NEW YORK (Reuters) - U.S. oil drilling has seen its best quarter since crude prices tumbled two years ago mainly due to small operators returning to the well pad, but analysts say the continued recovery in the rig count depends on whether OPEC’s output reduction plan can bring the market back to $50 a barrel.
Since May, drillers have added 109 oil rigs with the rig count rising to 425 rigs this week, that included the most additions in a quarter since the first quarter of 2014, according to oil service firm Baker Hughes Inc. [RIG/U]
The number of rigs had plunged from a record high of 1,609 in October 2014 to a low of 316 in May after crude prices collapsed in the biggest price rout in a generation, in part due to U.S. shale producers adding to a global oil glut.
Private or mom-and-pop type drillers, commonly running one or two rigs, accounted for up to two-thirds of the rig count increase, analysts said, which came after U.S. crude futures topped the key $50 mark that spurred producers to return.
Even though U.S. prices have mostly languished in the mid $40s since June, the rig count continued to climb in the longest streak without a cut in two years, but the rate of increases has slowed over the last month.
“Given oil’s move from $50 to $45, this likely hit the cash flows of the private operators who have added a large portion of the rigs,” said James West, senior managing director and partner at Evercore ISI, a U.S. investment banking advisory.
He said those drillers may “choose to conserve capital,” forcing them to drop rigs.

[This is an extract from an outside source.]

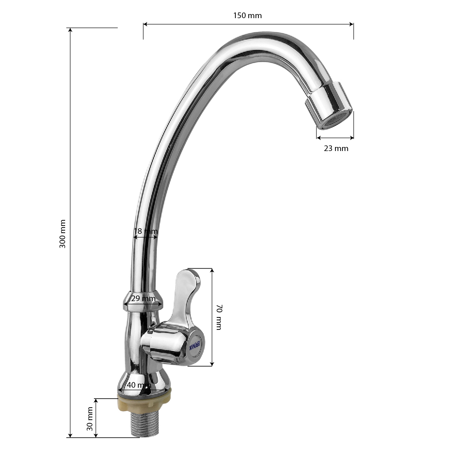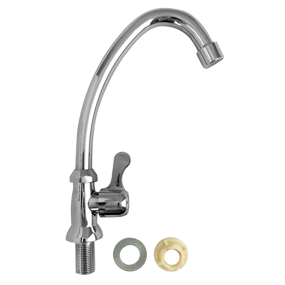 Кран на одну воду, хромированный с аэратором для экономии воды. Крепление резьба - гайка. Кранбукса м/к, ручка флажок, поворот на 90˚. Габаритные размеры: высота 270 мм, длина 150 мм, диаметр посадочного седла 40 мм, длина резьбы 30 мм. Вес - 0,280 кг, объём - 0,00148 м3. В комплекте корпус, крепёж.

The proposed production curbs by the Organization of the Petroleum Exporting Countries (OPEC) has boosted U.S. crude prices about 8 percent this week to around $48, with futures for 2017 trading above $51 and 2018 futures at over $53.
With the higher prices, analysts said larger drilling firms, such as Anadarko Petroleum Corp, Southwestern Energy Co and WPX Energy Inc, will likely follow through on longer-term plans to put more rigs into operation.
“Mid to larger companies are looking to add rigs,” said Trey Cowan, senior industry analyst at Platts RigData, a forecasting unit of S&P Global Platts.
“If prices hold around $45, those guys would more than make up for seasonal declines we usually see in the fourth quarter and any losses you may see from smaller operators,” Cowan told Reuters before OPEC’s announcement on Wednesday.
Platts RigData, which makes rig count projections, expects U.S. oil and gas land rig counts to rise from an average of 449 in 2016 to 579 in 2017.